3. la mise en place de groupes de travail pour réfléchir collectivement sur des thématiques précises au sein de toute la filière agroalimentaire; que ce soit des projets de financement à la massification de produits locaux pour la restauration collective.
“Nous sommes convaincus que la transition alimentaire va se faire dans les territoires, par les acteurs du territoire.”
Pour 2022, le CNRA lance deux chantiers prioritaires :
- Un mode d’emploi de la résilience alimentaire des territoires pour guider les décideurs vers la mise en place efficace des solutions, avec AFNOR Normalisation
- Une plateforme digitale de mise en relation des offres et des demandes des territoires en termes de résilience alimentaire, avec MAKE.org
Quels sont les freins à une meilleure Résilience Alimentaire ?
On peut parler ici des 7 pêchés territoriaux :
- l’ignorance, qu’elle soit passive ou active, nous ne changeons pas nos habitudes,
- la technologie, qui ne peut pas répondre à toutes les problématiques mais constitue une solution innovante intéressante,
- le cloisonnement, qui nous fait réfléchir de manière monospécifique,
- la perfidie, c’est-à-dire la mise en place d’actions pour ralentir le changement,
- l’agitation, où une stratégie transversale n’est pas établie,
- l’irresponsabilité avec le manque d’analyses collectives, du contexte et de ses enjeux.
A l’échelle nationale, de nombreux départements ont une production alimentaire insuffisante pour couvrir leurs besoins.
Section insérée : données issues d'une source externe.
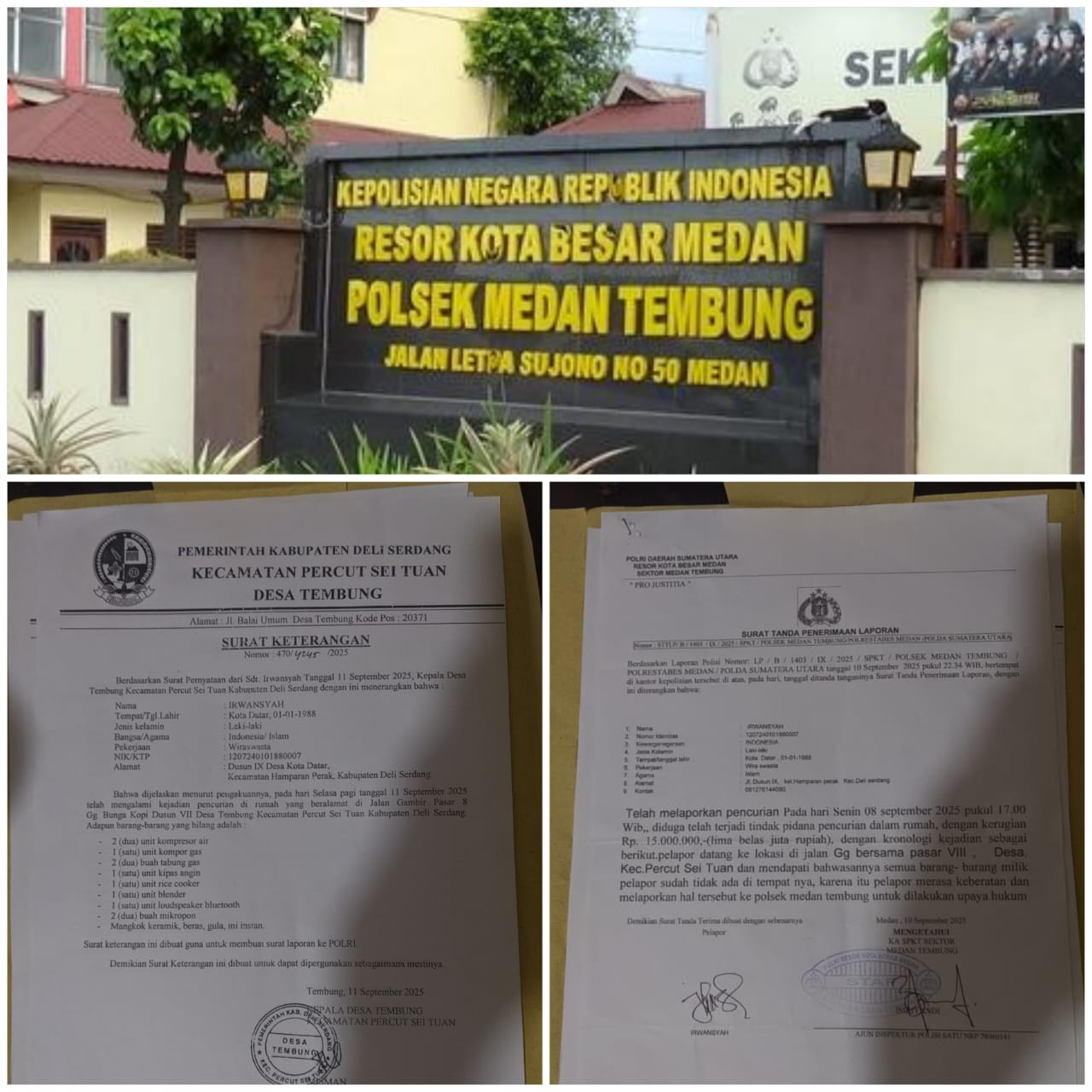 Medan, 9 Oktober 2025 — Seorang warga bernama Irwansyah (37), warga Jalan Dusun IX, Kelurahan Hamparan Perak, Kecamatan Deli Serdang, mengeluhkan penanganan kasus pencurian yang dilaporkannya di Polsek Medan Tembung. Ia menilai penyidik berinisial Aipda AS tidak profesional dalam menangani laporan tersebut.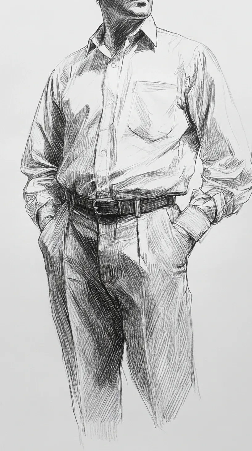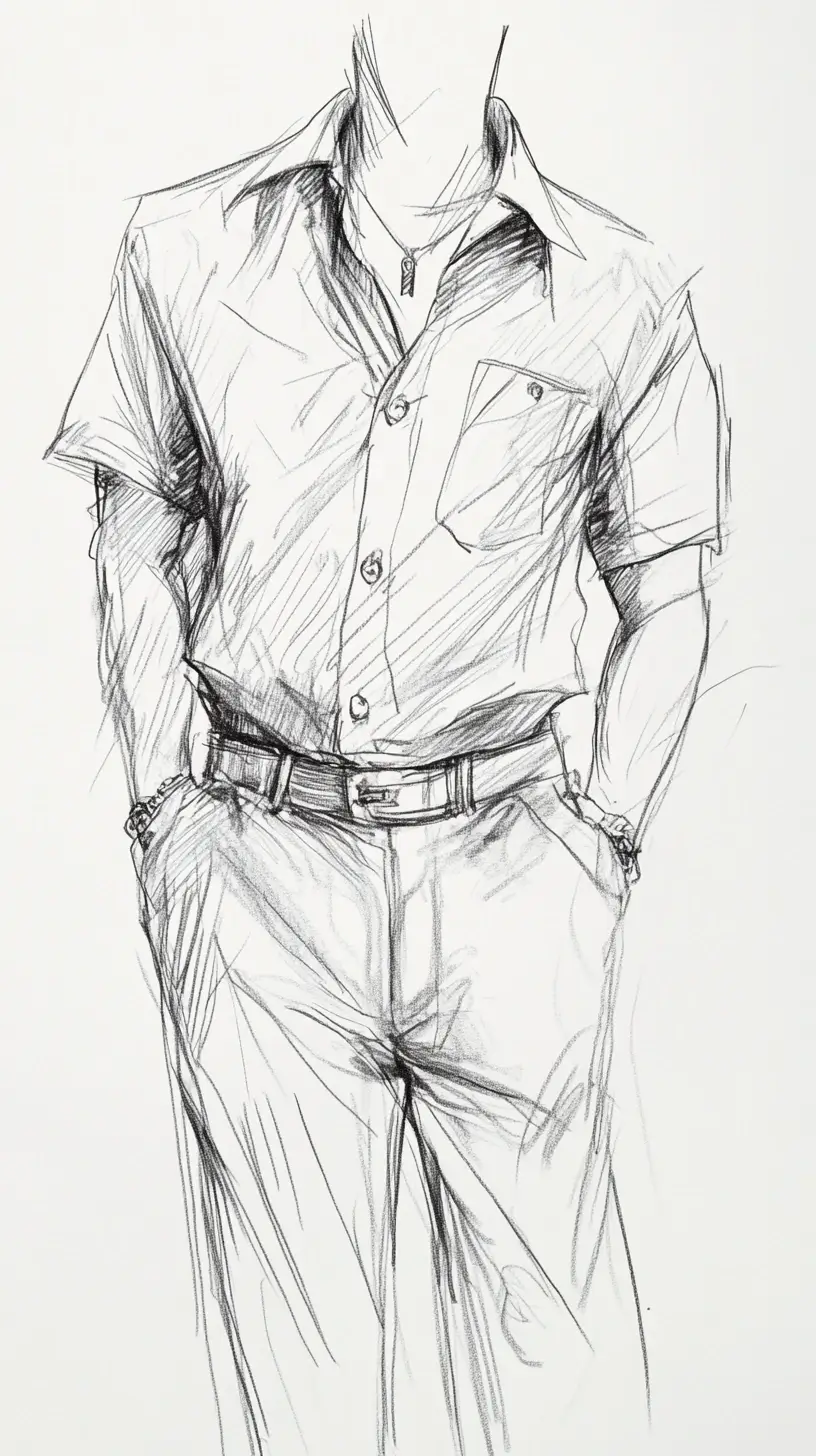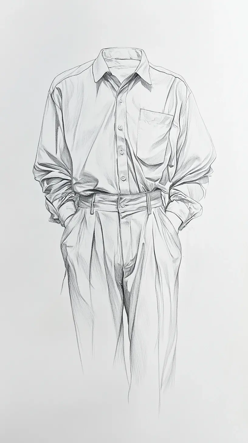 My first step in drawing shirts and tops is to consider the fabric type, as this determines the weight and flow of the garment. For cotton shirts, I depict fewer, softer folds, but for a silk blouse, I include more pronounced drapes. When drawing sleeves, I remember fabrics like denim have less give and thus, fewer but more structured folds.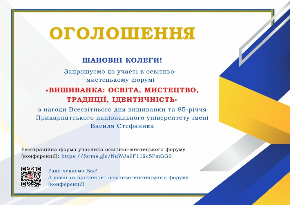 Із нагоди Всесвітнього дня вишиванки та 85-річчя Прикарпатського (Карпатського) національного університету імені Василя Стефаника запрошуємо взяти участь в освітньо-мистецькому форумі «ВИШИВАНКА: ОСВІТА, МИСТЕЦТВО, ТРАДИЦІЇ, ІДЕНТИЧНІСТЬ». Календар подій форуму: 15 травня 2025 року VI Міжнародна науково-практична конференція «Україно моя вишивана: освітньо-виховний Читати далі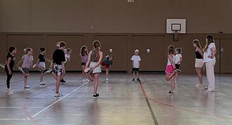 Im Anschluss kam ein besonderes Highlight. Die Teilnehmenden teilten sich in Kleingruppen auf und durften sich zu dem Lied „Muero“ von Alvaro Soler einen eigenen Tanz ausdenken. Bei der anschließenden Aufführung wurden alle Gruppen für ihre tollen Tänze mit reichlich Applaus belohnt.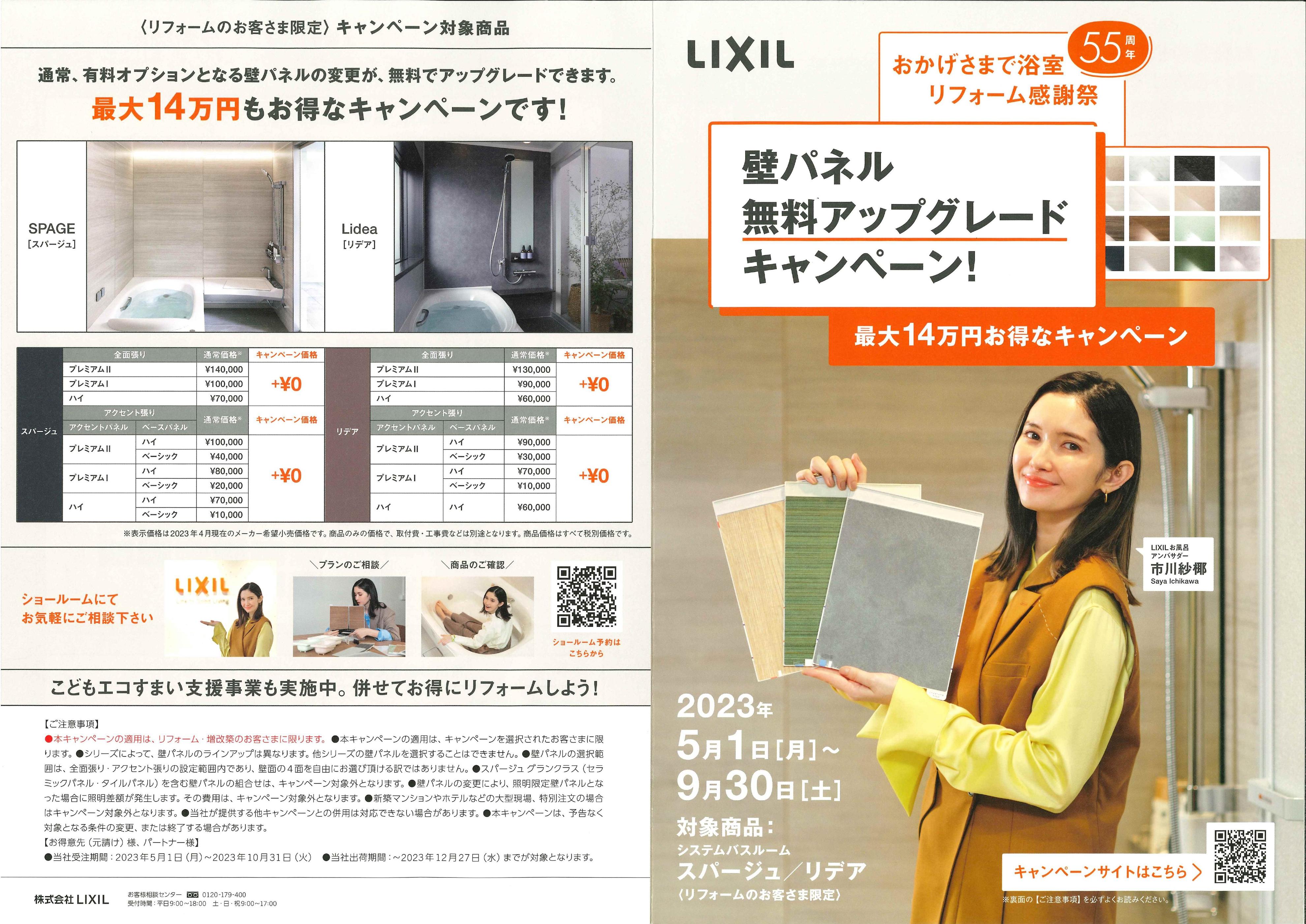LIXIL おかげさまで浴室55周年★リフォーム感謝祭!「壁パネル・無料アップグレードキャンペーン!」が開催中です。

Cette carte représente la part des besoins des territoires qui pourrait en théorie être couverte par leur propre production. Elle révèle la fragilité des territoires densément peuplés face aux ruptures d’approvisionnement (Source : CRATer, 2021)
Comment faire pour s’engager avec le CNRA ?
Aujourd’hui, 60 membres ont rejoint le mouvement, provenant des différents secteurs, de la production à la distribution.